THE INPUT below:
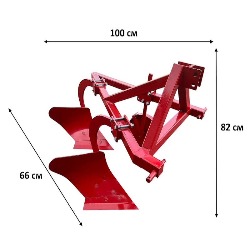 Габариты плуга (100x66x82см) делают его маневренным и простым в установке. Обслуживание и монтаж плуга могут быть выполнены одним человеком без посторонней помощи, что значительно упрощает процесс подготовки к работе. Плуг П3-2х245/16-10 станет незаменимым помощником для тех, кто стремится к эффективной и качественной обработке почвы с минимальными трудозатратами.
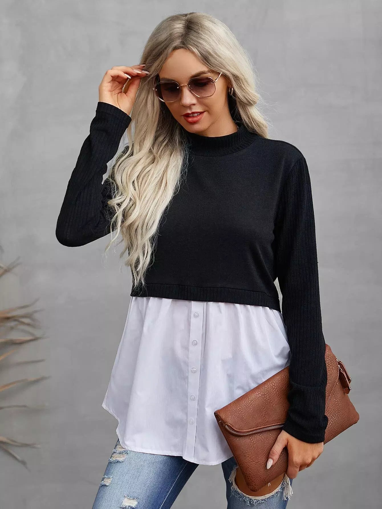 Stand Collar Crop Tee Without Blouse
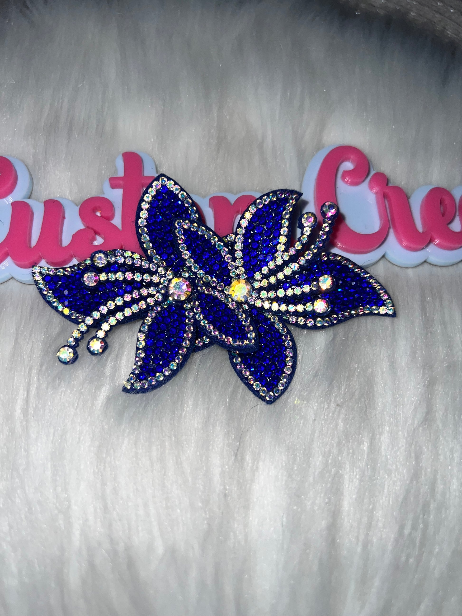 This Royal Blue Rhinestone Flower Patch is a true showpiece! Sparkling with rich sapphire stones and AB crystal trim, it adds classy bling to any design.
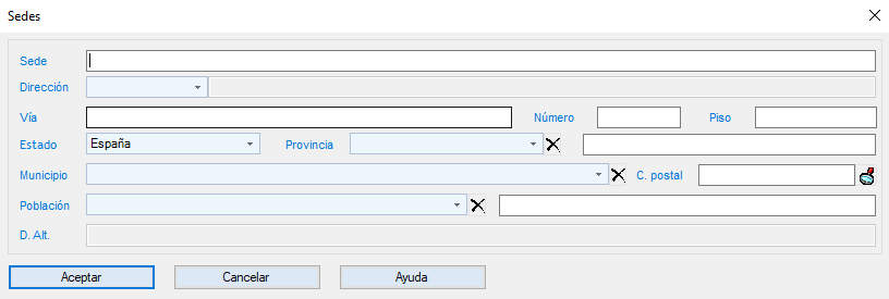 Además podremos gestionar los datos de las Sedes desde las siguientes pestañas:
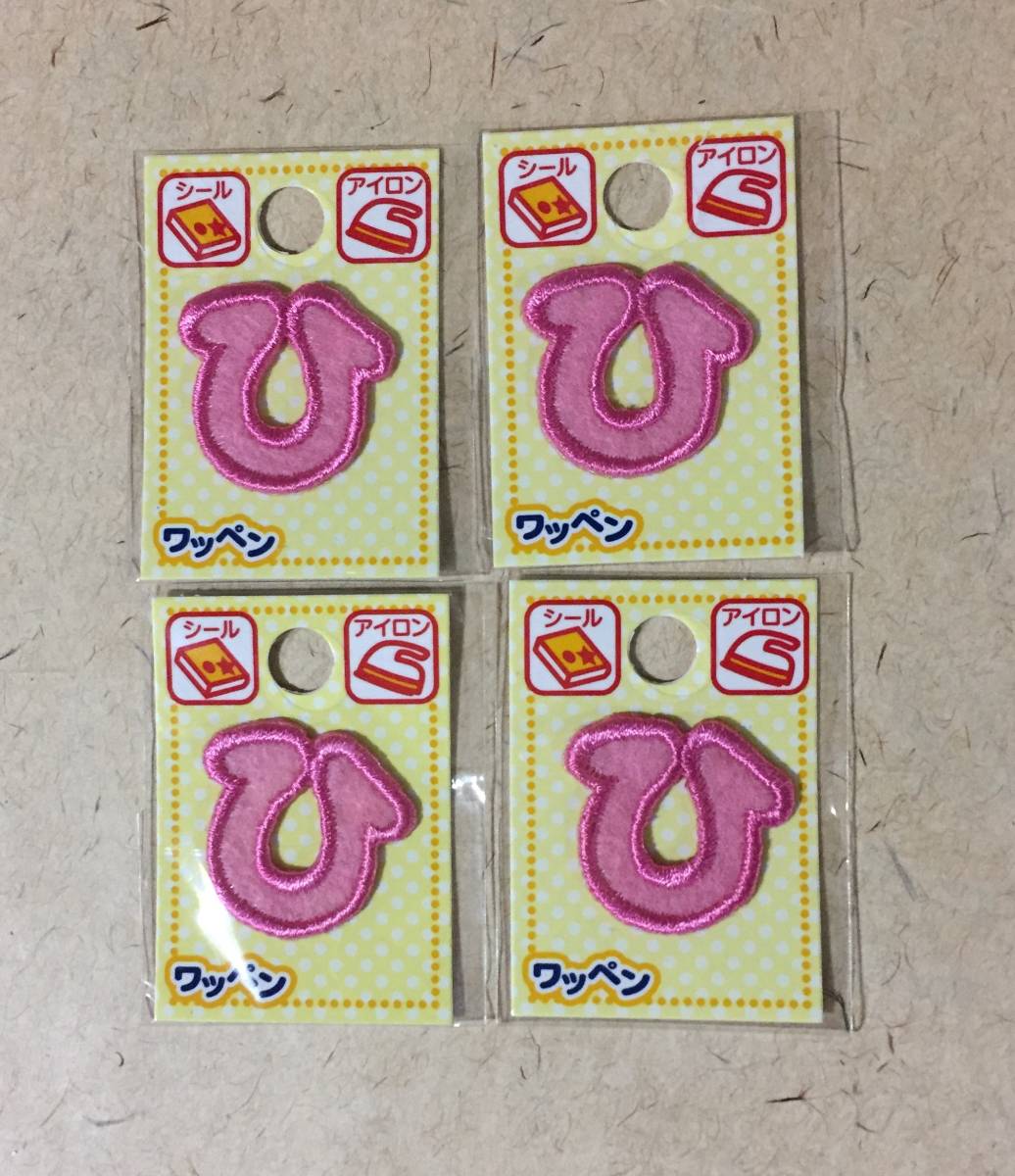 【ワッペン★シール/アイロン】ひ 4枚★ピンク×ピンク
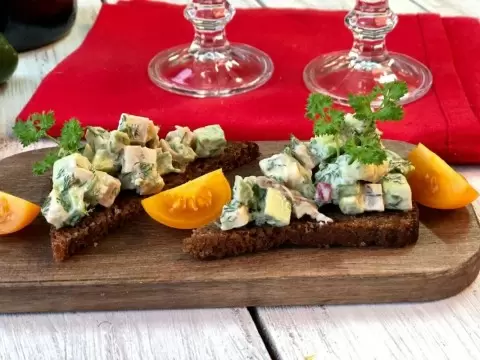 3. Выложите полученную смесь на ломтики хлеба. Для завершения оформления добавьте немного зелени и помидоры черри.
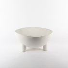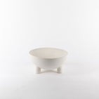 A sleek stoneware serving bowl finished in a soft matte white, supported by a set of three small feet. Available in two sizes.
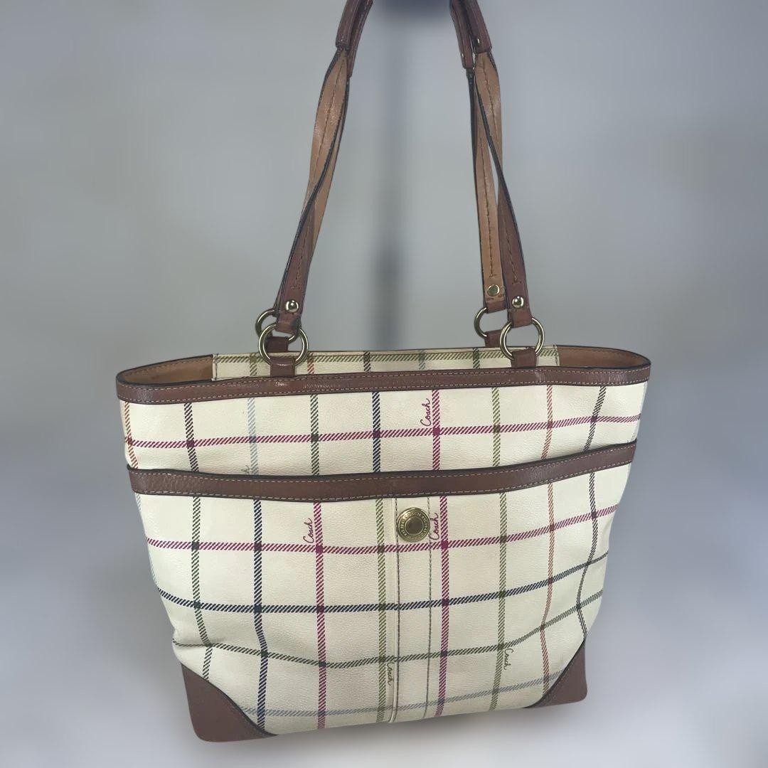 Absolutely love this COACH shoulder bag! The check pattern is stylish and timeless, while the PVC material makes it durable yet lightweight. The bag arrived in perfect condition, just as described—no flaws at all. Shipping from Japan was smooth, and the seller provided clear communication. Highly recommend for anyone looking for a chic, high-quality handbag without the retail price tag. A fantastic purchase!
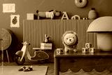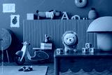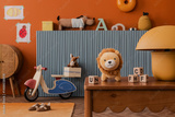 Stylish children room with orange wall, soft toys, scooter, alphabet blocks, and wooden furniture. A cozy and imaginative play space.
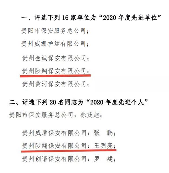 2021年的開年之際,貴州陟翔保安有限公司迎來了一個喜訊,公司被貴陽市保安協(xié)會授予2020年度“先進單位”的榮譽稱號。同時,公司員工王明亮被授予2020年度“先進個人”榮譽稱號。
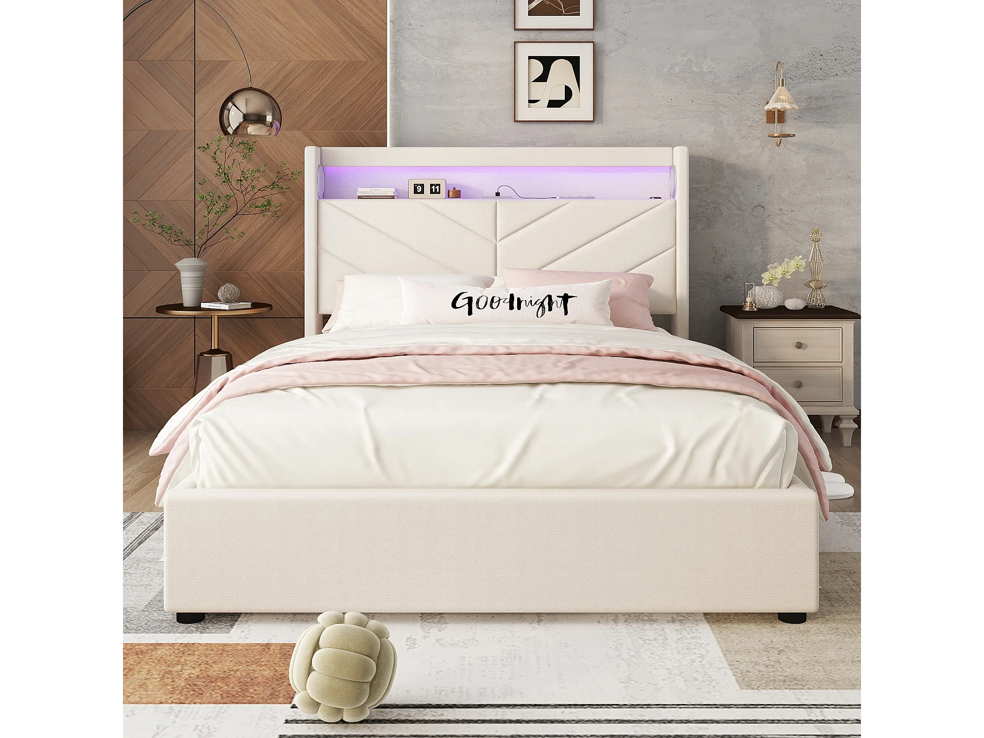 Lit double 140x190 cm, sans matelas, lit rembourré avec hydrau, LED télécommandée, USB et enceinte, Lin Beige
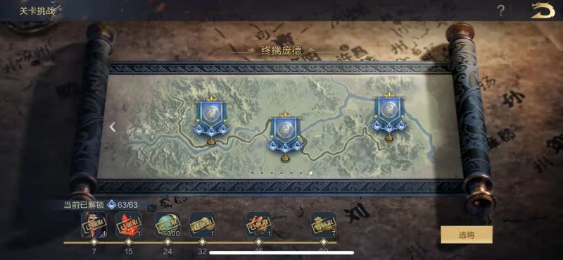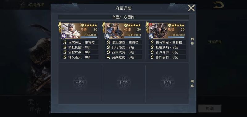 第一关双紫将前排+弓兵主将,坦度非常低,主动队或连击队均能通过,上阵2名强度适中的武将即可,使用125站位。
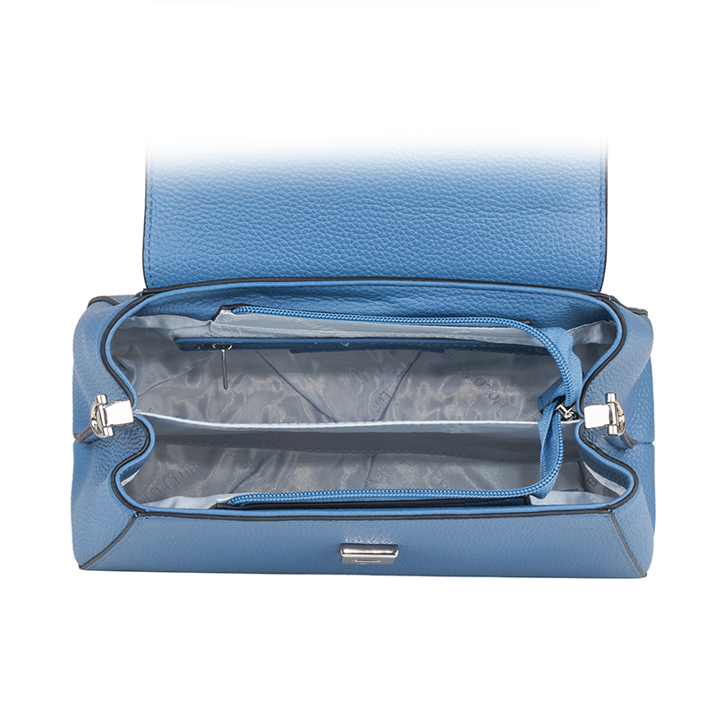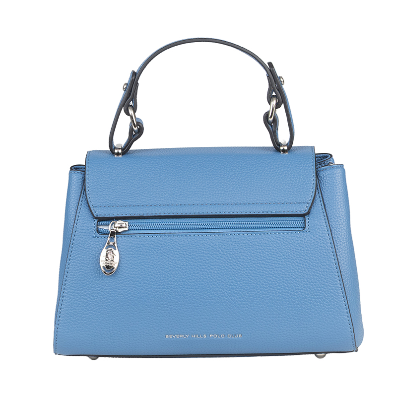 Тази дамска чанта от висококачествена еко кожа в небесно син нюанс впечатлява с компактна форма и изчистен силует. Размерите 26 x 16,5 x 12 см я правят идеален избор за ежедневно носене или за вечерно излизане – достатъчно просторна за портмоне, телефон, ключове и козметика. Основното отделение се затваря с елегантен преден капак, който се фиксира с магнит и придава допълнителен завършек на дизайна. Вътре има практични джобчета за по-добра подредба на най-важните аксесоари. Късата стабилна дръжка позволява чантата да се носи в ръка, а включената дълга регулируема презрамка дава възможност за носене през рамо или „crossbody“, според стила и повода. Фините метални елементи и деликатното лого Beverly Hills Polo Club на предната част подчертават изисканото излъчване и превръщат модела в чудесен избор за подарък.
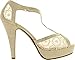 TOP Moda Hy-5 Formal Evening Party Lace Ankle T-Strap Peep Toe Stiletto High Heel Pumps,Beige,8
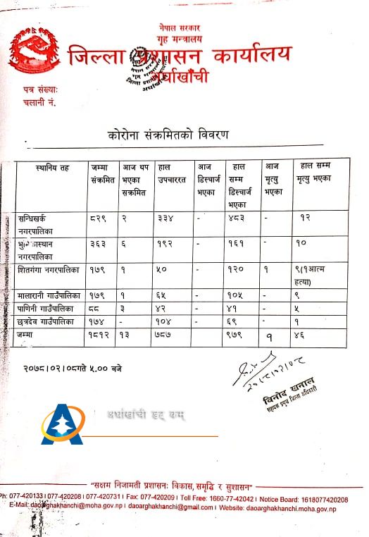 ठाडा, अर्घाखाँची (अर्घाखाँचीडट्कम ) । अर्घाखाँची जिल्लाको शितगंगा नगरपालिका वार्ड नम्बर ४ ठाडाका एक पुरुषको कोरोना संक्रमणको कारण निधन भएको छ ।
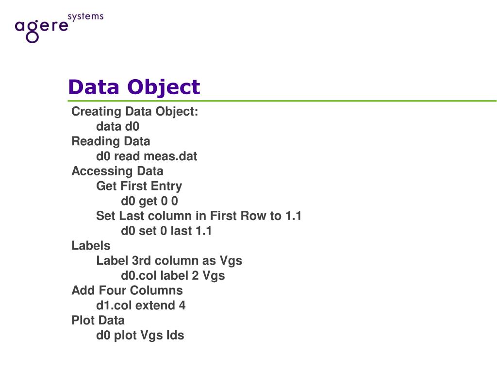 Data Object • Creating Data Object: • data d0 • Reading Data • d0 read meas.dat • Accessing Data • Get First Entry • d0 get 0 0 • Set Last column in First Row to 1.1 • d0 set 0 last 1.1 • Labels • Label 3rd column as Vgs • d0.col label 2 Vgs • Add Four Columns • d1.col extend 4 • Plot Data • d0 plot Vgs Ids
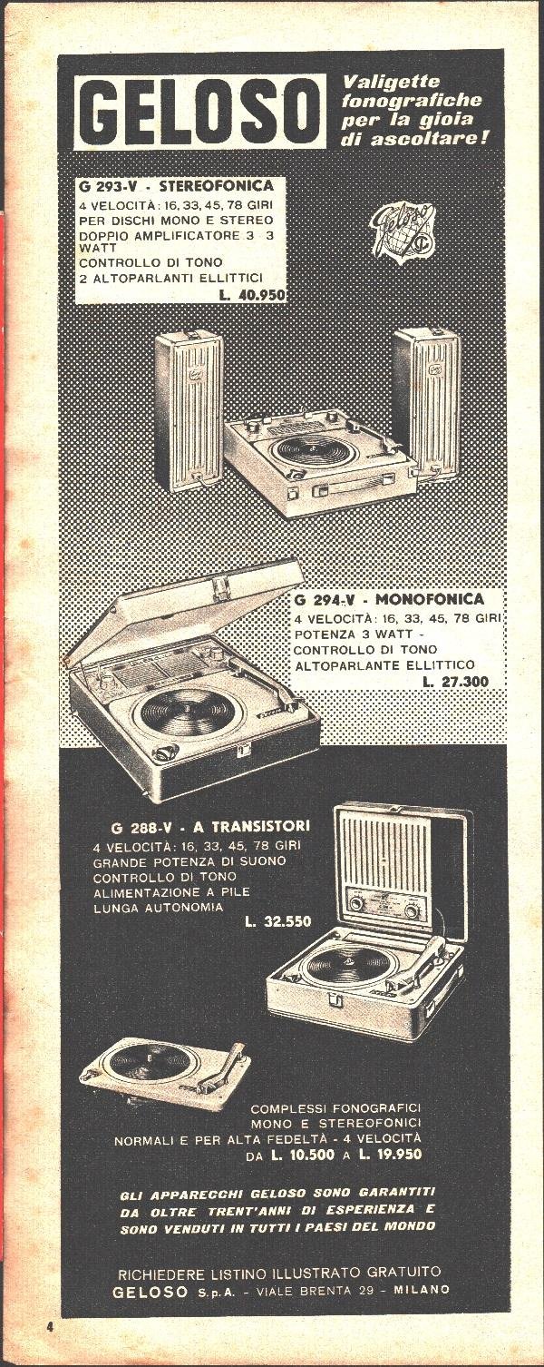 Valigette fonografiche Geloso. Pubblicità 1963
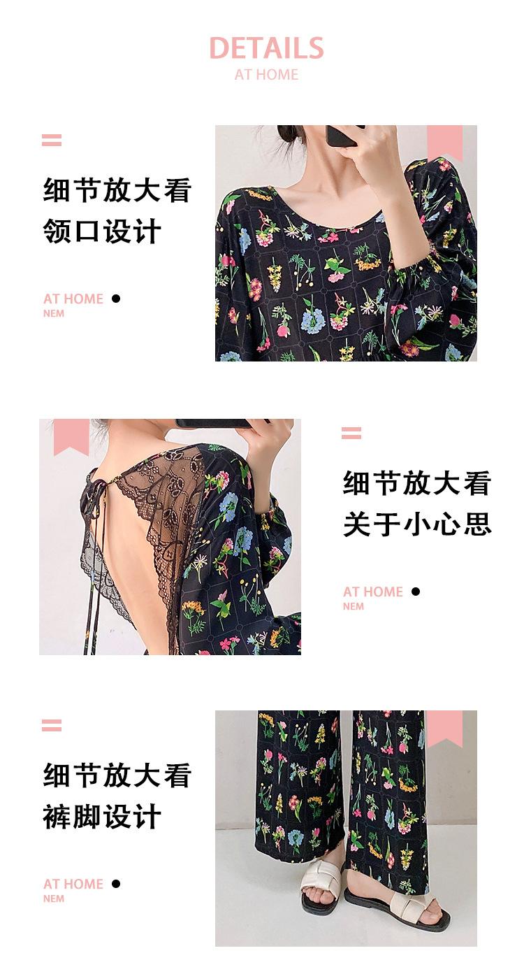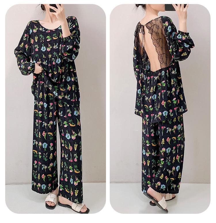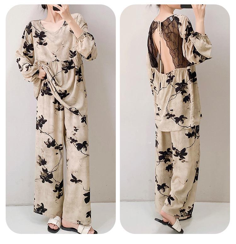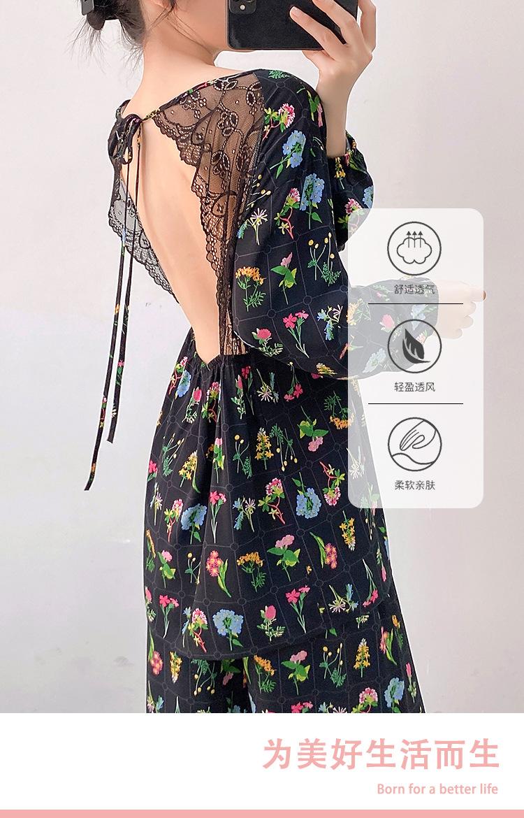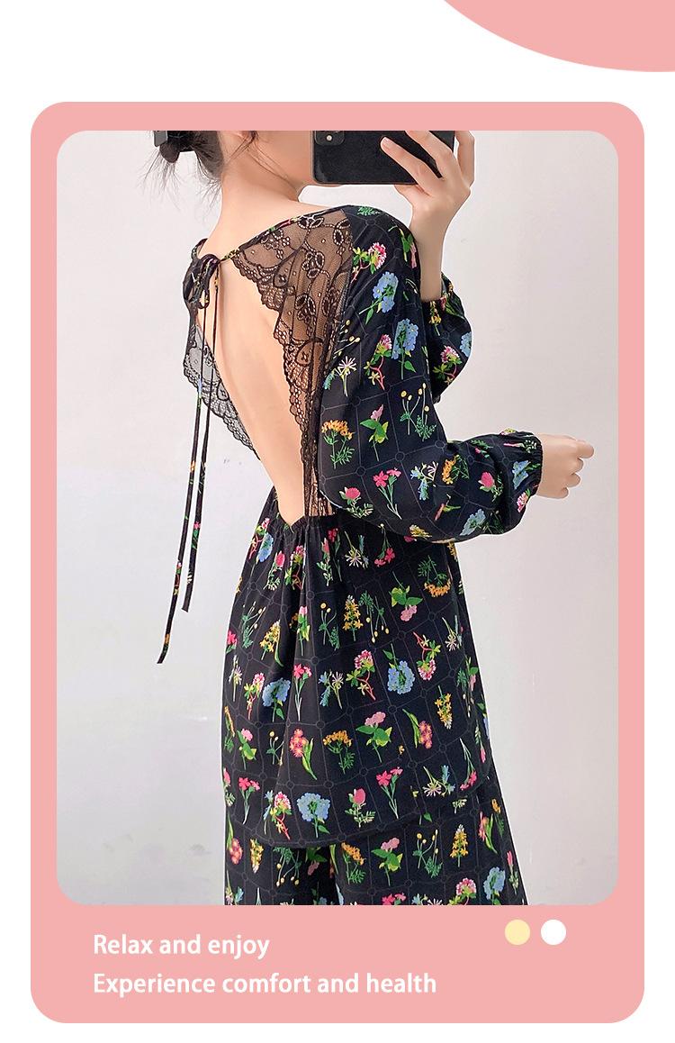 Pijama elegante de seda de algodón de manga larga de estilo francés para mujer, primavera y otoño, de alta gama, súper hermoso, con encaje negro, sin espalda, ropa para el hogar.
End of THE INPUT.
**WHAT YOU HAVE TO DO**: When you reach the line with "ठाडा, अर्घाखाँची (अर्घाखाँचीडट्कम" in the records above, begin repeating the lines exactly, and stop after the line with "Data Object •". Skip all pictures.

**ANSWER**:
 ठाडा, अर्घाखाँची (अर्घाखाँचीडट्कम ) । अर्घाखाँची जिल्लाको शितगंगा नगरपालिका वार्ड नम्बर ४ ठाडाका एक पुरुषको कोरोना संक्रमणको कारण निधन भएको छ ।
 Data Object • Creating Data Object: • data d0 • Reading Data • d0 read meas.dat • Accessing Data • Get First Entry • d0 get 0 0 • Set Last column in First Row to 1.1 • d0 set 0 last 1.1 • Labels • Label 3rd column as Vgs • d0.col label 2 Vgs • Add Four Columns • d1.col extend 4 • Plot Data • d0 plot Vgs Ids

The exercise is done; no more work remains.